↓
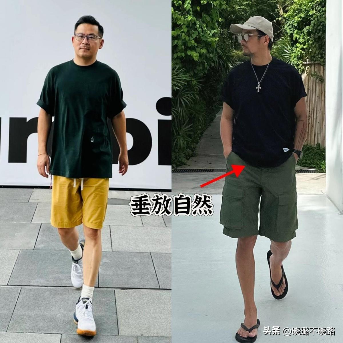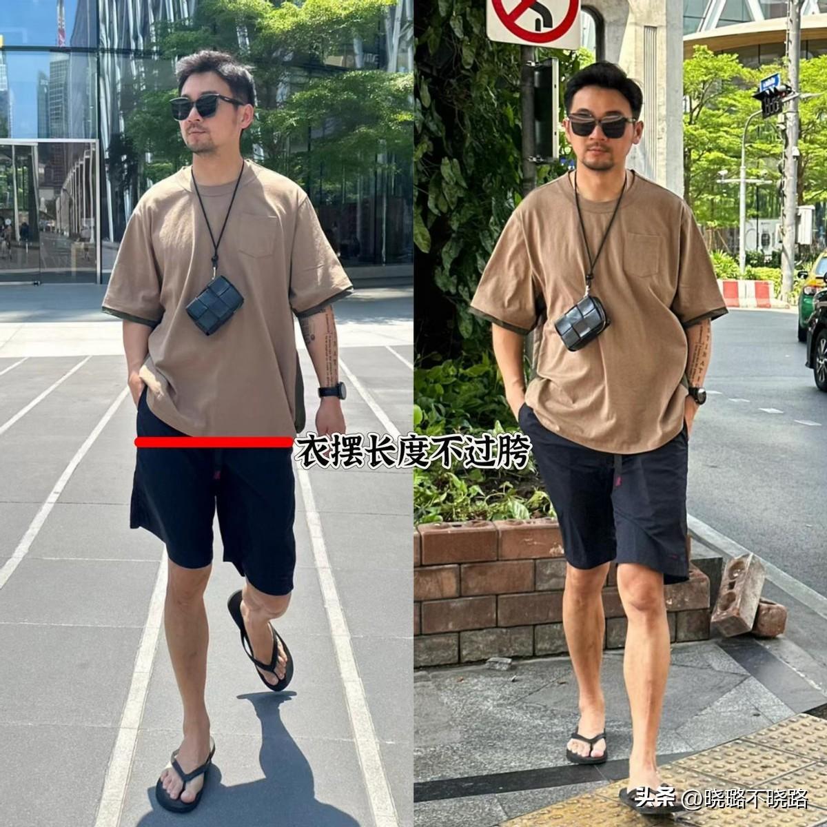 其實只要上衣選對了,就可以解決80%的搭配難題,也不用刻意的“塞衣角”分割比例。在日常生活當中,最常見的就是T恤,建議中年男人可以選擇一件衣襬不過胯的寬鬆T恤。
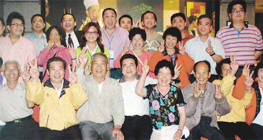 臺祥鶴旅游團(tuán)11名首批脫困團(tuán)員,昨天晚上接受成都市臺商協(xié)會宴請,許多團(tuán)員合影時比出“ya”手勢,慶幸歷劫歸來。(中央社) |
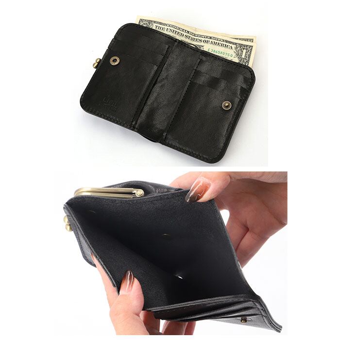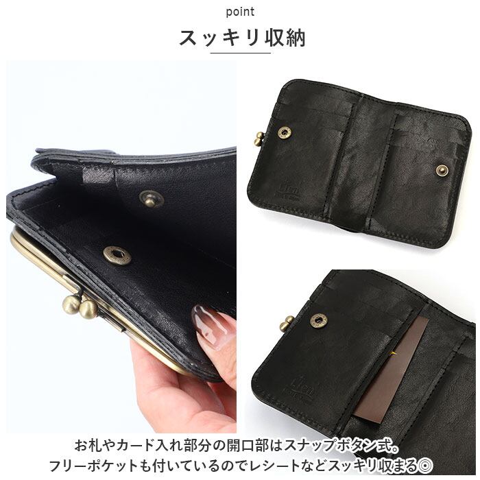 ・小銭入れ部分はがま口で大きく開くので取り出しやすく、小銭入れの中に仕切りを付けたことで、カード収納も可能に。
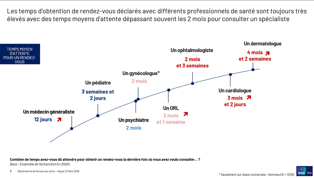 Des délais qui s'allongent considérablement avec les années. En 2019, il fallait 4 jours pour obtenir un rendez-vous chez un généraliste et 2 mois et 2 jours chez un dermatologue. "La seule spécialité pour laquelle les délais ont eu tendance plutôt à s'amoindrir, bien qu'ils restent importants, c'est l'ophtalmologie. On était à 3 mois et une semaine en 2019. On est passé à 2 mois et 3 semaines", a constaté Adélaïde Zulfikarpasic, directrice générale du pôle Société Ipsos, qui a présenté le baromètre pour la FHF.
↑
▸ Task brief
Reproduce the material word for word, minus the images.

▸ Expected output
 其實只要上衣選對了,就可以解決80%的搭配難題,也不用刻意的“塞衣角”分割比例。在日常生活當中,最常見的就是T恤,建議中年男人可以選擇一件衣襬不過胯的寬鬆T恤。
 臺祥鶴旅游團(tuán)11名首批脫困團(tuán)員,昨天晚上接受成都市臺商協(xié)會宴請,許多團(tuán)員合影時比出“ya”手勢,慶幸歷劫歸來。(中央社) |
 ・小銭入れ部分はがま口で大きく開くので取り出しやすく、小銭入れの中に仕切りを付けたことで、カード収納も可能に。
 Des délais qui s'allongent considérablement avec les années. En 2019, il fallait 4 jours pour obtenir un rendez-vous chez un généraliste et 2 mois et 2 jours chez un dermatologue. "La seule spécialité pour laquelle les délais ont eu tendance plutôt à s'amoindrir, bien qu'ils restent importants, c'est l'ophtalmologie. On était à 3 mois et une semaine en 2019. On est passé à 2 mois et 3 semaines", a constaté Adélaïde Zulfikarpasic, directrice générale du pôle Société Ipsos, qui a présenté le baromètre pour la FHF.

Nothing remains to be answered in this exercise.